**Exercise**: Given the records below, the lines starting at the line with "1. After lessons" and ending at the line with "Министр образования и" should be output exactly, both end lines kept and pictures left out.

**Information shown**:
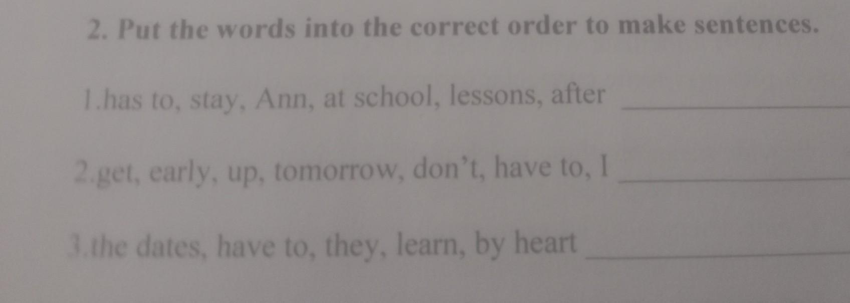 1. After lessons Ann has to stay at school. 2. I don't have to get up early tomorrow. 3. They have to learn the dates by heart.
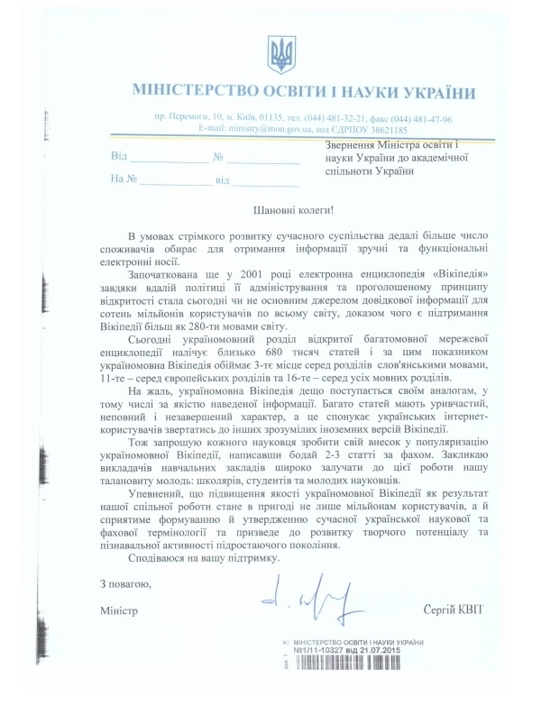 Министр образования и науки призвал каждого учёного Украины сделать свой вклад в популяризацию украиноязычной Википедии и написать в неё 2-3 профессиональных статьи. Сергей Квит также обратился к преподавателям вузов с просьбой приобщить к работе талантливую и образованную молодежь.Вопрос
---
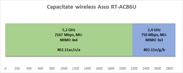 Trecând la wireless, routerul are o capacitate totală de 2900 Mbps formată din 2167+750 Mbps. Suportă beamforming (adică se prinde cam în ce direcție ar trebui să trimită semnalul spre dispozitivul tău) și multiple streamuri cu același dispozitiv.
* * *
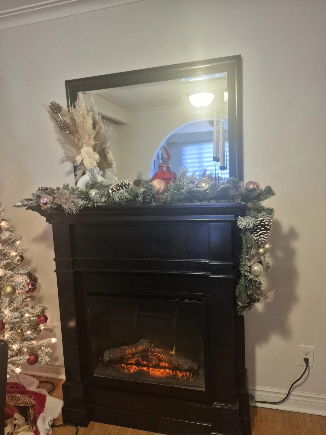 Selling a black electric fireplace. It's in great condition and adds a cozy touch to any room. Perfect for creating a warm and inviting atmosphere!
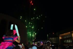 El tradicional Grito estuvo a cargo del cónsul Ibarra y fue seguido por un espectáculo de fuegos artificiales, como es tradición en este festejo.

**Reply**:
 1. After lessons Ann has to stay at school. 2. I don't have to get up early tomorrow. 3. They have to learn the dates by heart.
 Министр образования и науки призвал каждого учёного Украины сделать свой вклад в популяризацию украиноязычной Википедии и написать в неё 2-3 профессиональных статьи. Сергей Квит также обратился к преподавателям вузов с просьбой приобщить к работе талантливую и образованную молодежь.Вопрос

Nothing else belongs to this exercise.